In practice this guides resume behavior: `:dedupe` on resume always
prefers the journaled result; `:idempotent` is happy to call the
capability again when the intent has no result.
## Common Patterns
- **Default to `:idempotent`.** It is the spec default for a reason.
- **Promote to `:unsafe_once` for external state changes.** Charges,
sends, deletes, and deploys deserve the strongest guard.
- **Use `:reconcile` when truth lives elsewhere.** Async work queued to
an external system is the canonical case.

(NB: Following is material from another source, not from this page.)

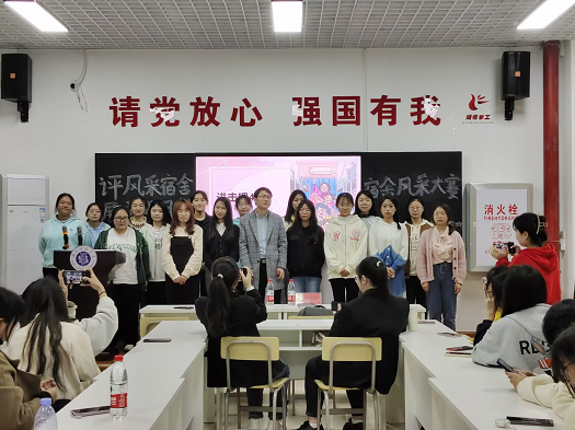 首先,主持人高晨瑶向大家介绍了此次宿舍风采大赛的评委以及本次比赛的评分细则。随后,各寝室代表依次上台介绍了寝室成员,以PPT和视频相结合的方式展现了寝室特色和风采。最后,黄志军老师对此次比赛进行了点评与总结,鼓励寝室成员之间以友爱、团结、进步的姿态,展现良好的文明风貌。经过综合评分,本次活动排名前三的寝室分别为25栋834、25栋927、25栋703。

- **Pair `:unsafe_once` with an approval workflow.** A blocking control
is fine for "never allow"; an interrupting control is needed for
"allow once a reviewer says so."
- **Treat the journal as the contract.** Tests should make assertions
against `Effect.Journal.intent_recorded?/2` and
`Effect.Journal.result_for/2`, not on capability call counts alone.
## Testing
A simple test exercises both the compile-time gate and the resume-time
guard.
```elixir
test "unsafe_once requires an operation control before plan compiles" do
spec =
Jidoka.agent!(
id: "risky",
instructions: "Charge only when explicit.",
operations: [
%{name: "charge_card", idempotency: :unsafe_once, kind: :action}
]
)
assert {:error, {:unsafe_once_requires_control, "charge_card", :action}} =
Jidoka.plan(spec)
end
test "incomplete unsafe_once intent fails on resume" do
llm = fn _intent, _journal ->
{:ok, %{type: :operation, name: "charge_card",
arguments: %{"order_id" => "A1"}}}
end
operations = fn _intent, _journal -> raise "boom" end
assert {:error, _error} =
Jidoka.turn(MyApp.SupportAgent, "Charge A1",
llm: llm,
operations: operations
)
# The application persisted the snapshot for a reconciler before
# surfacing the failure; resuming it never retries the operation.
end
```
For `:dedupe` and `:reconcile` operations, build a journal that already
has the desired shape and assert that resume routes correctly.
## Troubleshooting
| Symptom | Likely Cause | Fix |
| --- | --- | --- |
| `{:error, {:unsafe_once_requires_control, name, kind}}` | An `:unsafe_once` operation has no matching operation control. | Add a `controls do ... operation ... when: [name: name] end` clause. |
| `{:error, %Jidoka.Error{reason: :unsafe_once_incomplete_effect}}` | Resume saw a recorded intent without a result. | Route the snapshot to reconciliation; do not auto-retry. |
| Capability called twice on resume | Operation is `:idempotent` and the journal lost the result. | Persist the full snapshot including its journal; ensure your store preserves all fields. |
| Reconciliation never fires | The journal had no incomplete intents because the runtime did call the capability. | Confirm the policy is `:reconcile`, not `:idempotent`, and inspect `result.journal`. |
| Approved interrupt still errors on `:unsafe_once` | Approval target was the wrong interrupt id. | Build the response with `Jidoka.Review.Response.approve(review.interrupt_id)`. |
| `:dedupe` operation still runs every time | The journal across resumes is empty because each call started a new turn. | Use a session so the journal persists, or pass the prior `snapshot` to `resume/2`. |
## Reference
Key modules touched in this guide:
- [`Jidoka.Agent.Spec.Operation`](`Jidoka.Agent.Spec.Operation`) -
`valid_idempotencies/0`, `requires_control?/1`, `replay_safe?/1`,
`kind/1`.
- [`Jidoka.Agent.Spec`](`Jidoka.Agent.Spec`) -
`validate_operation_policies/1`, `validate_operation_policy/2`.
- [`Jidoka.Effect.Intent`](`Jidoka.Effect.Intent`) - struct that carries
the policy and the deterministic `idempotency_key`.
- [`Jidoka.Effect.Journal`](`Jidoka.Effect.Journal`) - `put_intent/2`,
`put_result/2`, `result_for/2`, `intent_recorded?/2`,
`incomplete_intent?/2`.
- [`Jidoka.Runtime.EffectInterpreter`](`Jidoka.Runtime.EffectInterpreter`) -
effect shell that enforces the per-policy resume rules.
- [`Jidoka.Review.Response`](`Jidoka.Review.Response`) - the approval
path that lets `:unsafe_once` operations execute exactly once.
## Related Guides
- [Controls](controls.md) - the operation control surface required by
`:unsafe_once`.
- [Human In The Loop](human-in-the-loop.md) - durable approvals for
risky operations.
- [Snapshots And Resume](snapshots-and-resume.md) - the durable artifact
the journal lives inside.
- [Sessions And Stores](sessions-and-stores.md) - the durable session
that preserves the journal between turns.